My goal is that foo accepts any object which extends an Obs<T>. However I get the following error.

Argument of type '{ reset: () => number; x: number; set: (x: number) => number; }' is not assignable to parameter of type 'Obs<unknown>'.
  Object literal may only specify known properties, and 'reset' does not exist in type 'Obs<unknown>'

Snippet A

{
  // add a generic method 
  type Obs<T> = { x: T; set: (x: T) => T }
  function createObs<T>(x: T): Obs<T> {
    return { x, set: (val: T) => val }
  }
  function foo<O extends Obs<T>, T>(a: O) {}
  const a = createObs(1)
  foo({ ...a, reset: () => 1 }) // ❌ now throws the error
}

Interestingly if I remove the set method the types work as expected like so.

Snippet B

{
  type Obs<T> = { x: T }
  function createObs<T>(x: T): Obs<T> {
    return { x }
  }
  function foo<O extends Obs<T>, T>(a: O) {}
  const a = createObs(1)
  foo({ ...a, reset: () => 1 }) // ✅
}

TS playground link

How do I make Snippet A work with the generic set method?

Answer 1

You need to add extra generic parameter:

// U is extra generic parameter
type Obs<T> = { x: T; set: <U extends T>(x: U) => T }

function createObs<T>(x: T): Obs<T> {
  return { x, set: (val: T) => val }
}
function foo<O extends Obs<T>, T>(a: O) { }
const a = createObs(1)
a.set(2) // ok
foo({ ...a, reset: () => 1 })

Playground

T is covariant in type Obs<T> = { x: T }. Consider this example:

type Obs<T> = { x: T }

let foo: Obs<number> = { x: 0 }

let bar: Obs<42> = { x: 42 }

foo = bar

bat is assignable to foo.

But if you add a set method, like here:

type Obs<T> = { x: T, set: (x: T) => T }

T becomes invariant.

type Obs<T> = { x: T, set: (x: T) => T }

let foo: Obs<number> = { x: 0, set: (val) => val }

let bar: Obs<42> = { x: 42, set: (val) => val }

foo = bar // error
bar = foo // error

bar is no more assignable to foo.

Hence, if you want to make it work, you need to make argument of set a subtype of T.

To be honest, I'm not sure about T becomes invariant.
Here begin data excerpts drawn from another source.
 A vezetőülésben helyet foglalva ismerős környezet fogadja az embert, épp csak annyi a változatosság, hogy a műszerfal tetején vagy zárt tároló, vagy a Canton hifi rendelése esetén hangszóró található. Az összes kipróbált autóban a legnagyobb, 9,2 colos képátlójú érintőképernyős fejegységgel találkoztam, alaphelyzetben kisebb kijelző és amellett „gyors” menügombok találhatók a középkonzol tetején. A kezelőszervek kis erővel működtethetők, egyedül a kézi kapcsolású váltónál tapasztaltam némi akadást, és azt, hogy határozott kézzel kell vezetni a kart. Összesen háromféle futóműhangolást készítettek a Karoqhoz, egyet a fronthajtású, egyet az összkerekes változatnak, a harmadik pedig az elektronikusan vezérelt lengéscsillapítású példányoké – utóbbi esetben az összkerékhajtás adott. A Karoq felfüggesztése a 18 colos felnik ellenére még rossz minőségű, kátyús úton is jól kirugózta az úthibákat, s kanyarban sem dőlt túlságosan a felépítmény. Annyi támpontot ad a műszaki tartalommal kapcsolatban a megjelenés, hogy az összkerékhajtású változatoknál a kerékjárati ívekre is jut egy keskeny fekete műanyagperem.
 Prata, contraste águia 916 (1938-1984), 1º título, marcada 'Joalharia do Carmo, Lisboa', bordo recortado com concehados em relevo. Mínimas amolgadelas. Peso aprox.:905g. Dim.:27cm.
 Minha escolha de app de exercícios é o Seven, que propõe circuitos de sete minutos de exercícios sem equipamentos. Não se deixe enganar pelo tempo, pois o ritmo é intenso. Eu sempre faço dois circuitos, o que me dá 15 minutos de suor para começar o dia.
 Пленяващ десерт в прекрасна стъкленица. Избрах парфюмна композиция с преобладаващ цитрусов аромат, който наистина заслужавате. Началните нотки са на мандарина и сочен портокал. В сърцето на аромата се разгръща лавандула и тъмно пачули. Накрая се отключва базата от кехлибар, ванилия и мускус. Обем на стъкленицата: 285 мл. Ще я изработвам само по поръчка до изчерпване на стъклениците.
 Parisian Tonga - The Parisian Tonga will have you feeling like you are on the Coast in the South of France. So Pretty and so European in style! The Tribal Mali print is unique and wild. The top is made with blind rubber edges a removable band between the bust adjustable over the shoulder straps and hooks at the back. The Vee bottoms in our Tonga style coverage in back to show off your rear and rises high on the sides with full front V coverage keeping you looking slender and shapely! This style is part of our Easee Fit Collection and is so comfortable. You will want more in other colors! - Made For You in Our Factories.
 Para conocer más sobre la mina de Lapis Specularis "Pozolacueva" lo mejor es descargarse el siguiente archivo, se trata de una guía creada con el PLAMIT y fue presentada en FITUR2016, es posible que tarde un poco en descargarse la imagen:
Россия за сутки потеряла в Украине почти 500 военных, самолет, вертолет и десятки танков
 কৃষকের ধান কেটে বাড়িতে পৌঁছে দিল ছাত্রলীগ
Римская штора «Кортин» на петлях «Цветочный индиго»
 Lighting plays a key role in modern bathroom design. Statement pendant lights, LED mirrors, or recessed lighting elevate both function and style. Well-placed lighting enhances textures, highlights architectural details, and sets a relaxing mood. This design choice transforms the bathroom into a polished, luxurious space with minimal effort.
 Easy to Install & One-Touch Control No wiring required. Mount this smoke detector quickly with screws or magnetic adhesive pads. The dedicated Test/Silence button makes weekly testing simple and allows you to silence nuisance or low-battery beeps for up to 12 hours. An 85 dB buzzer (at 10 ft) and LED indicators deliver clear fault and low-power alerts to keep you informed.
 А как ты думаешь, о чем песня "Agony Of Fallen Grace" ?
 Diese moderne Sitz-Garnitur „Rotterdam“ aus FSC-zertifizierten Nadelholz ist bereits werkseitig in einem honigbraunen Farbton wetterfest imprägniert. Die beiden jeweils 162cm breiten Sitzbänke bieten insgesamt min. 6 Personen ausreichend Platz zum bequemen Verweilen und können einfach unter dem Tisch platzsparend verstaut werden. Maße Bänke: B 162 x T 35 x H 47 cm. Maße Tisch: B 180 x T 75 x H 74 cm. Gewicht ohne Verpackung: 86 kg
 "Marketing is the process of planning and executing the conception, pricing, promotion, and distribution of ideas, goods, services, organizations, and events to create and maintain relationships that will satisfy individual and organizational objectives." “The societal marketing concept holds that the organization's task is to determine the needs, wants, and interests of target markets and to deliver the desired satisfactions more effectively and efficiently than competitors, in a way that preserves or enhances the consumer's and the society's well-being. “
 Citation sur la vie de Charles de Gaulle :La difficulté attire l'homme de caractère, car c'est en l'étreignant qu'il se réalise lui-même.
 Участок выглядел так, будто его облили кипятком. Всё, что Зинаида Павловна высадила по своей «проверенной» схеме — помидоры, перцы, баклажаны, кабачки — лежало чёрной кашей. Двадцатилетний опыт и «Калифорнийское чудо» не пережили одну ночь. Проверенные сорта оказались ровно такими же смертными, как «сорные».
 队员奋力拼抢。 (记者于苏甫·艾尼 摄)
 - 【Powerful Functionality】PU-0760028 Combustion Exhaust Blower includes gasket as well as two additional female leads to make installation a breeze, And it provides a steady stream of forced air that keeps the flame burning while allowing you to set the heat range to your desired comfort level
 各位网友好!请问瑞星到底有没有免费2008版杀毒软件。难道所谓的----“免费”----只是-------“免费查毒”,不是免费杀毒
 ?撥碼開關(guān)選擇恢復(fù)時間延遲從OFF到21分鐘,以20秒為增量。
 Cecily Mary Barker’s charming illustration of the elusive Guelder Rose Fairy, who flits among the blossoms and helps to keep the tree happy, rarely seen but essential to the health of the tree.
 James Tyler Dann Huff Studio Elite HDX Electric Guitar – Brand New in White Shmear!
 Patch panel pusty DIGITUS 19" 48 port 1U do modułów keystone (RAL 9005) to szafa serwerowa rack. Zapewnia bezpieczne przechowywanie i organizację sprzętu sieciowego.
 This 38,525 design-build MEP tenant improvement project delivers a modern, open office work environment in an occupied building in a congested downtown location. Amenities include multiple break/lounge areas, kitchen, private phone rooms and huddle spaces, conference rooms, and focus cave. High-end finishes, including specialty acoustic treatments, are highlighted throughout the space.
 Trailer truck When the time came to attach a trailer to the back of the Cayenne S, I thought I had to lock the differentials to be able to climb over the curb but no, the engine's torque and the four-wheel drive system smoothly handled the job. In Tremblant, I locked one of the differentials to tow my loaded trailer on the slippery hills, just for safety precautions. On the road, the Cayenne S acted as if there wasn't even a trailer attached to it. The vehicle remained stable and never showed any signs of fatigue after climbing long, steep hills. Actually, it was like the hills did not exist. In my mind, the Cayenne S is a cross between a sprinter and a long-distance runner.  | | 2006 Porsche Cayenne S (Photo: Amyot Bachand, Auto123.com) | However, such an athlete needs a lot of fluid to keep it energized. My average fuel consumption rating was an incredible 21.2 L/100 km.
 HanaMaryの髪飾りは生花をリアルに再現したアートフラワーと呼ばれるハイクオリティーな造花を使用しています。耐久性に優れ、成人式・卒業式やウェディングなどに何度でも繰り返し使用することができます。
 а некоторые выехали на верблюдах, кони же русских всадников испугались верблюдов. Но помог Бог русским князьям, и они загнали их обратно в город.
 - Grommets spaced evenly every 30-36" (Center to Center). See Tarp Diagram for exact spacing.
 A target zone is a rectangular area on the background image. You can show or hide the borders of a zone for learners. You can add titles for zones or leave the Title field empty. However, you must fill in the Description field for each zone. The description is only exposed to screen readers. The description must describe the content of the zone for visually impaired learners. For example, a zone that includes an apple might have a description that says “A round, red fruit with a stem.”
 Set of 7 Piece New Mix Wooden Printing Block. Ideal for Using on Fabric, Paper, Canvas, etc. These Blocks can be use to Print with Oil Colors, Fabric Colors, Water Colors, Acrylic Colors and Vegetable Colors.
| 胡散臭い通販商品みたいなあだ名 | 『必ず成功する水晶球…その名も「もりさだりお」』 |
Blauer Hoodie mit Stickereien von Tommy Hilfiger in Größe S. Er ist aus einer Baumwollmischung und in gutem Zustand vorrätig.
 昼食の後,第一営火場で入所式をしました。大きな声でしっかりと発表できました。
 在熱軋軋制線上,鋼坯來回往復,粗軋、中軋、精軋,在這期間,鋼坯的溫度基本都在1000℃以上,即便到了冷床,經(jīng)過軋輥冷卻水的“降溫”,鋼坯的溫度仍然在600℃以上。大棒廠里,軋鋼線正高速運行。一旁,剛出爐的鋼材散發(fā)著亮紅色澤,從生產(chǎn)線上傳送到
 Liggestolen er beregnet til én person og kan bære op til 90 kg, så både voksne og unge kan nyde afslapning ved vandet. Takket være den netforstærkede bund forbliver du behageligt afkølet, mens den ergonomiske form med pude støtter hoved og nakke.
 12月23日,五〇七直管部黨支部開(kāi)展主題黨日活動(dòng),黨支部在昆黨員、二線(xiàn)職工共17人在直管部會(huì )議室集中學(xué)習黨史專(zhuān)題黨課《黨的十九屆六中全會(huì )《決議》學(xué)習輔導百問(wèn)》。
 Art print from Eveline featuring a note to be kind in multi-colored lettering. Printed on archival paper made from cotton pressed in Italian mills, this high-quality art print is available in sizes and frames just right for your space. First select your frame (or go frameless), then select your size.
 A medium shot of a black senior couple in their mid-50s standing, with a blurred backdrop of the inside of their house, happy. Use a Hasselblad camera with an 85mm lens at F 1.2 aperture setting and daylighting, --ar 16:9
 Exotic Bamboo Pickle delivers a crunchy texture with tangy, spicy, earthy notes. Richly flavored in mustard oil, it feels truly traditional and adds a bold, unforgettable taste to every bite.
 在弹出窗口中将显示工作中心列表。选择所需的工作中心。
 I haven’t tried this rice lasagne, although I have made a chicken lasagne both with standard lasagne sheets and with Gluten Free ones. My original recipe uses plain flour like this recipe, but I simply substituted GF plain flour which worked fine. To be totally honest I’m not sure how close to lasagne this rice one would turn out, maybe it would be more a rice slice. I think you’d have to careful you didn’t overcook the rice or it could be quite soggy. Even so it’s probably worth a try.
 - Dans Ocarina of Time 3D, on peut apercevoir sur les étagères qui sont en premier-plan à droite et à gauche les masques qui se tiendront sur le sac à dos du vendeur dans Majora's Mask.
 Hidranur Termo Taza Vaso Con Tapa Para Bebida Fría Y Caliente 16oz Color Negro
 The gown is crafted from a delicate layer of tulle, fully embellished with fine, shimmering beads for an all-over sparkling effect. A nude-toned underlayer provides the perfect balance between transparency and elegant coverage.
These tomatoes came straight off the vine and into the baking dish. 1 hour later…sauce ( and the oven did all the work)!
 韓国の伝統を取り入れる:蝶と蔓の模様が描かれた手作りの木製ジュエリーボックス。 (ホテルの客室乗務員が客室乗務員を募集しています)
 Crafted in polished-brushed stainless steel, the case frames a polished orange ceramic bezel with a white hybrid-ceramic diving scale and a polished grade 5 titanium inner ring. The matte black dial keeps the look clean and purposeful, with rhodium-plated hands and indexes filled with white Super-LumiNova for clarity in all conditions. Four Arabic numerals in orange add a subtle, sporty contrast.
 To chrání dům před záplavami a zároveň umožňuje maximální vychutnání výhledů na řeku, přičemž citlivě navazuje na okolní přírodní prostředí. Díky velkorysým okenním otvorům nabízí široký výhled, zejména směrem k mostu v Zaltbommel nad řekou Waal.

So, if you have any arguments about that I am open to criticism.

P.S. more about *-variance you will find here

Answer 2

The problems seems to be associated with the fact that you are not defining what will be the default value of T in the foo function.

If you infer T default type by whatever was passed into Obs, typescript will have just enough information to use the type you passed into the createObs function previously.

{
  type Obs<T> = { x: T; set: (x: T) => T };
  function createObs<T>(x: T): Obs<T> {
    return { x, set: (val: T) => val };
  }
  function foo<O extends Obs<T>, T = O extends Obs<infer R> ? R : never>(
    a: O
  ) {}
  const a = createObs(1);
  foo({ ...a, reset: () => 1 });
}